-- What you will do --
Without its pictures, the listing below is to be transcribed exactly.

*** Information supplied ***

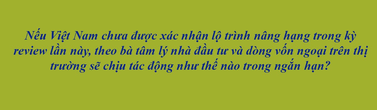 Trong bối cảnh thị trường hiện đang kỳ vọng về khả năng được nâng hạng là rất cao, khả năng thất bại đang được đánh giá là 0%, nếu kịch bản chưa được FTSE Russell xác nhận lộ trình xảy ra, tâm lý nhà đầu tư ngắn hạn chắc chắn sẽ bị ảnh hưởng, có thể xuất hiện nhịp điều chỉnh nhất định ở các nhóm cổ phiếu đã tăng trước theo kỳ vọng nâng hạng như chứng khoán, ngân hàng và bluechips. Đây là những cổ phiếu vốn hóa lớn, vì vậy, sẽ tác động tiêu cực tới điểm số của thị trường. Từ đó, kéo theo tâm lý tiêu cực của nhà đầu tư cá nhân.
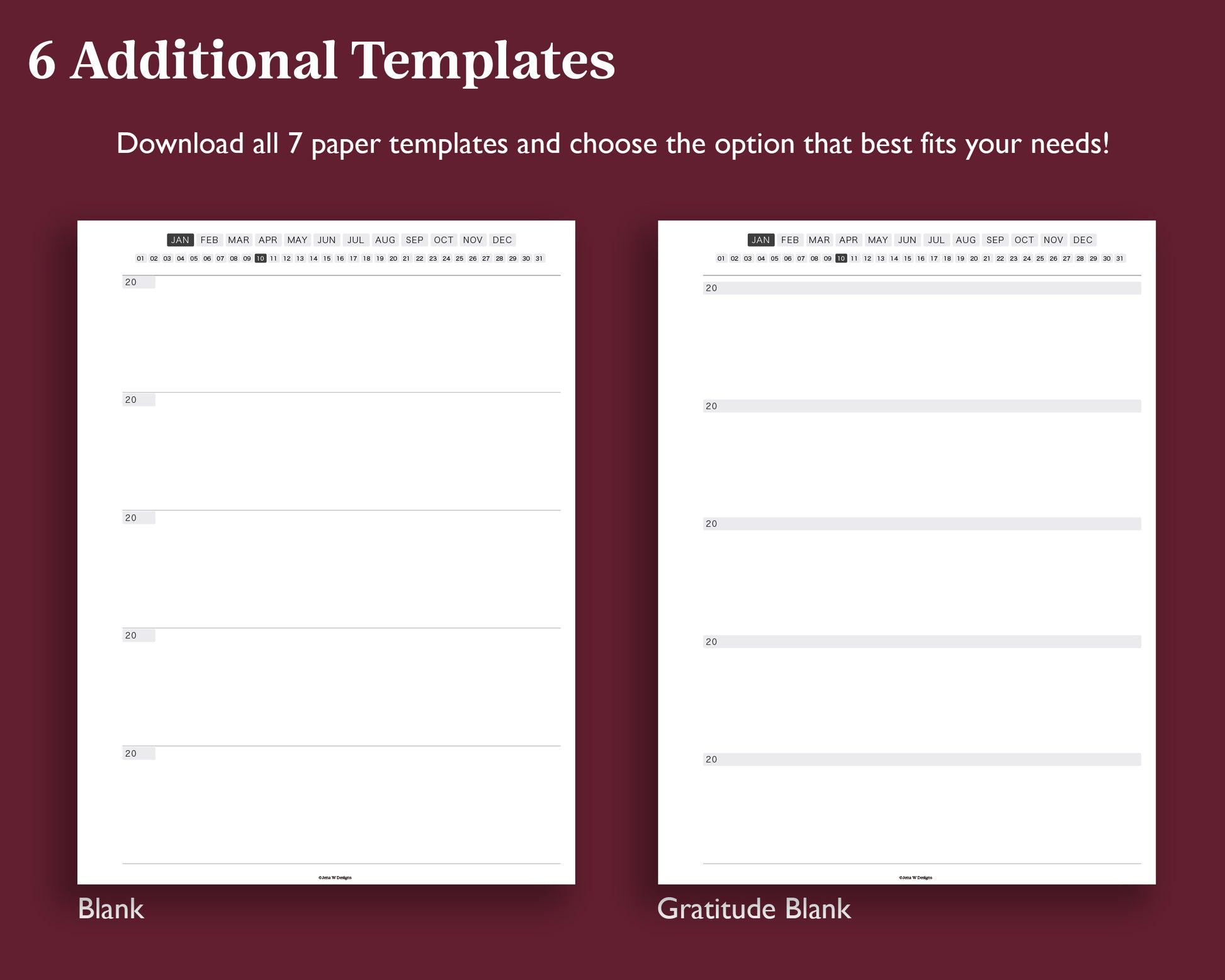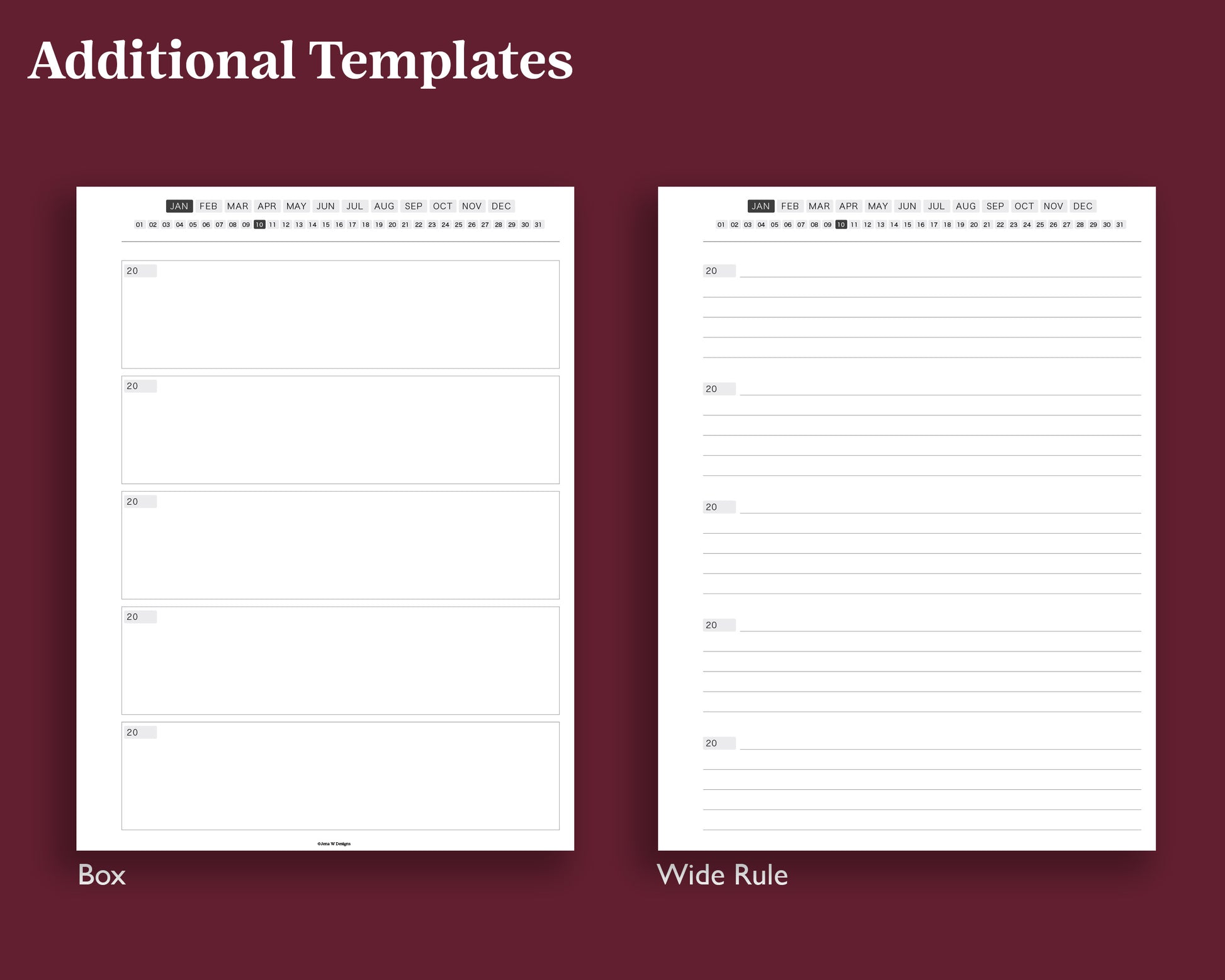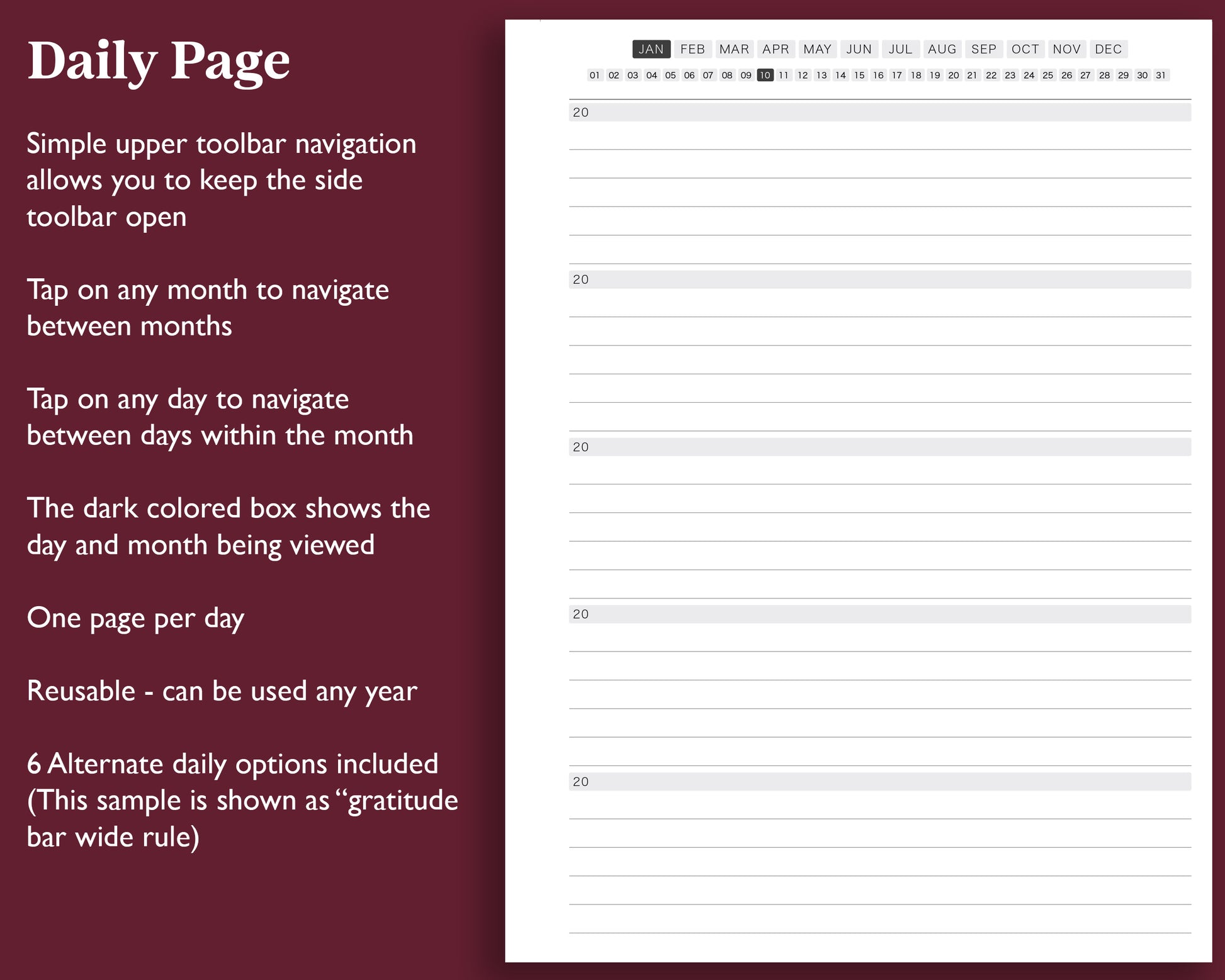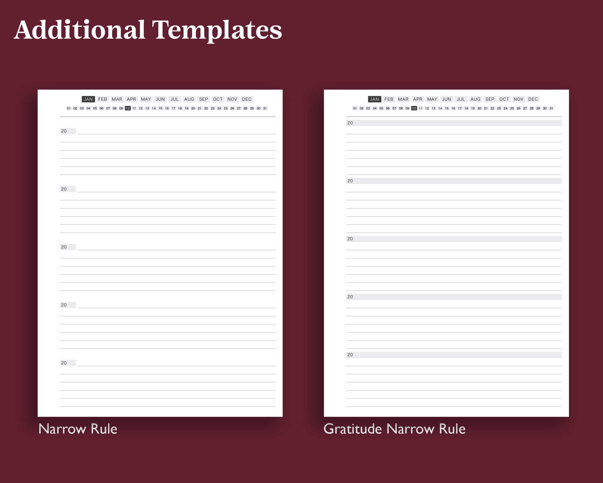 - 7 daily options to choose: variations include narrow rule, wide rule, boxed and blank and with space for daily gratitude.
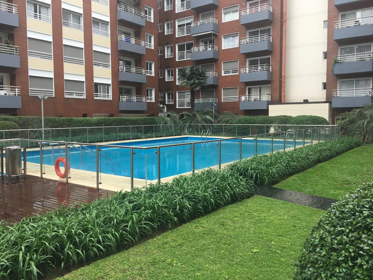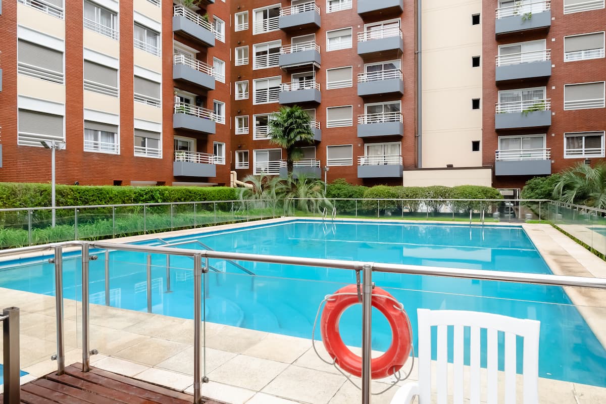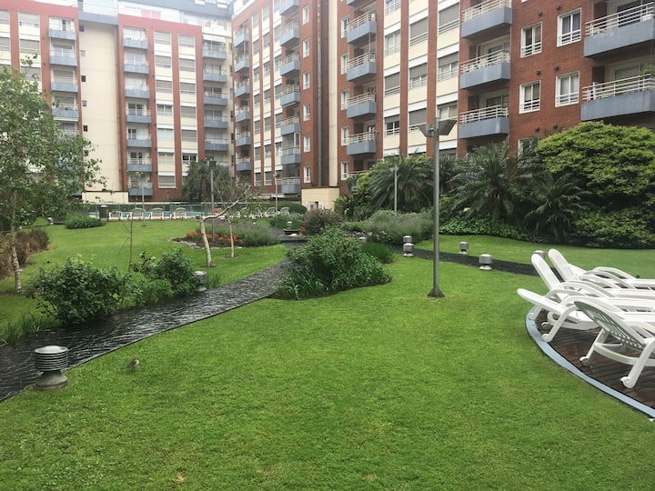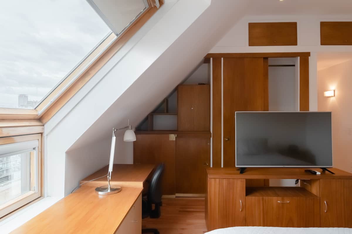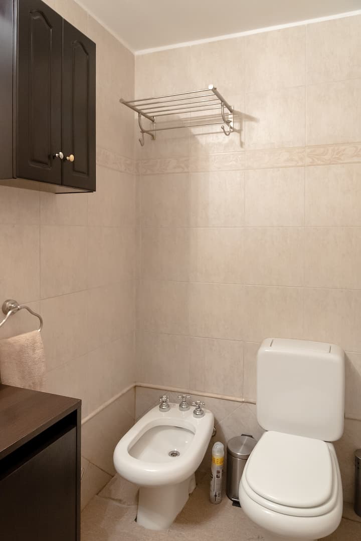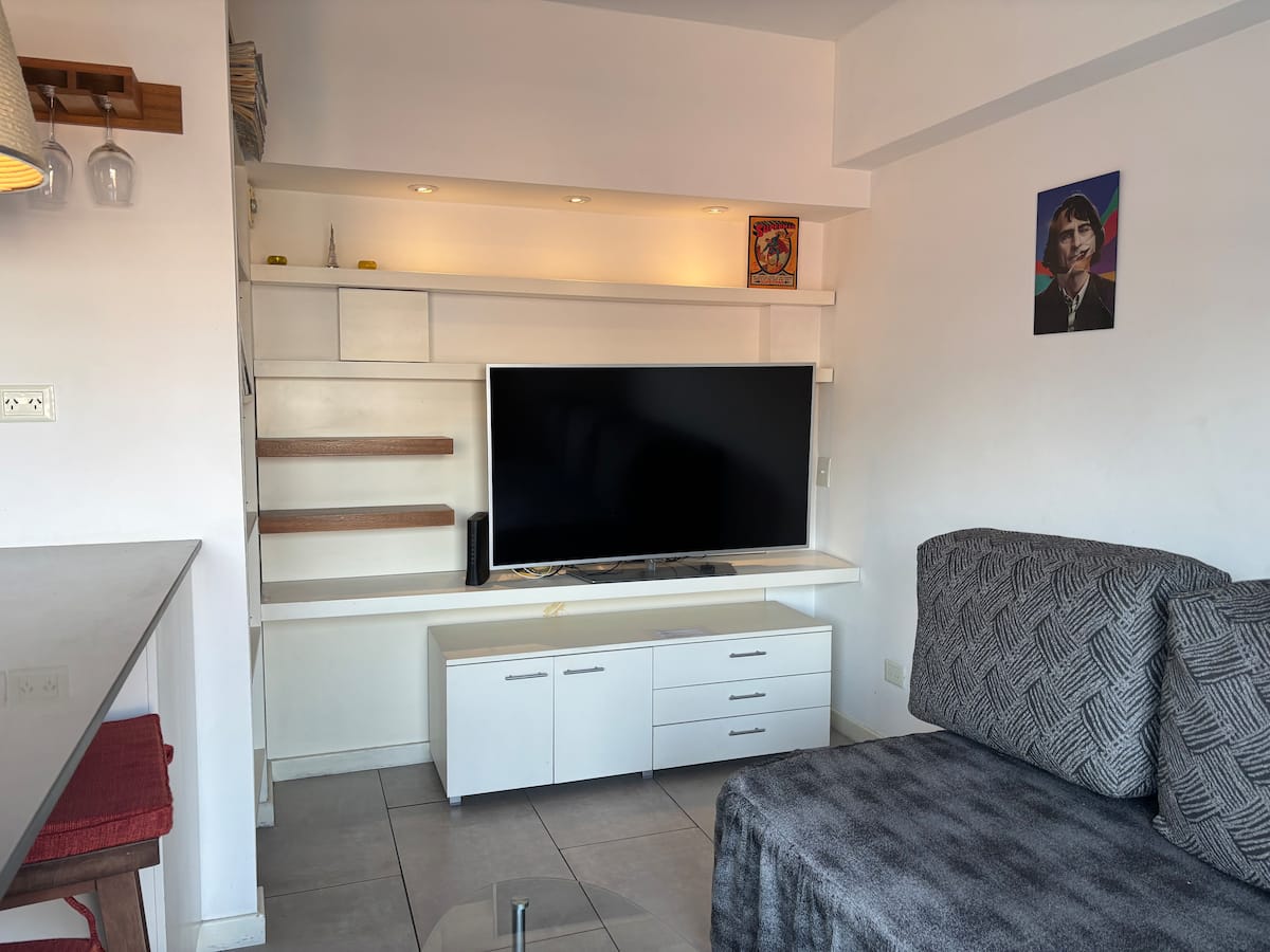 Двухуровневая квартира в Puerto Madero, в районе улиц Juana Manso и Encarnación Ezcurra. Внизу: гостиная-столовая с раскладным диваном-кроватью, телевизор, интегрированная кухня с электрической духовкой, микроволновой печью, холодильником с морозильной камерой и стиральной машиной, гостевой туалет. Вверху: спальня с двуспальной кроватью, телевизор, ванная комната и рабочий стол. В квартире есть кондиционер в обеих зонах и быстрый Wi‑Fi; предоставлены кофе-машина и тостер. В здании есть открытый
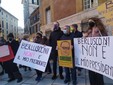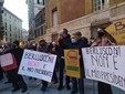 Nel corso della manifestazione sono stati esposti striscioni e cartelloni contro la candidatura dell’ex presidente del consiglio.

*** End of Information supplied ***

-- Answer area --
 Trong bối cảnh thị trường hiện đang kỳ vọng về khả năng được nâng hạng là rất cao, khả năng thất bại đang được đánh giá là 0%, nếu kịch bản chưa được FTSE Russell xác nhận lộ trình xảy ra, tâm lý nhà đầu tư ngắn hạn chắc chắn sẽ bị ảnh hưởng, có thể xuất hiện nhịp điều chỉnh nhất định ở các nhóm cổ phiếu đã tăng trước theo kỳ vọng nâng hạng như chứng khoán, ngân hàng và bluechips. Đây là những cổ phiếu vốn hóa lớn, vì vậy, sẽ tác động tiêu cực tới điểm số của thị trường. Từ đó, kéo theo tâm lý tiêu cực của nhà đầu tư cá nhân.
 - 7 daily options to choose: variations include narrow rule, wide rule, boxed and blank and with space for daily gratitude.
 Двухуровневая квартира в Puerto Madero, в районе улиц Juana Manso и Encarnación Ezcurra. Внизу: гостиная-столовая с раскладным диваном-кроватью, телевизор, интегрированная кухня с электрической духовкой, микроволновой печью, холодильником с морозильной камерой и стиральной машиной, гостевой туалет. Вверху: спальня с двуспальной кроватью, телевизор, ванная комната и рабочий стол. В квартире есть кондиционер в обеих зонах и быстрый Wi‑Fi; предоставлены кофе-машина и тостер. В здании есть открытый
 Nel corso della manifestazione sono stati esposti striscioni e cartelloni contro la candidatura dell’ex presidente del consiglio.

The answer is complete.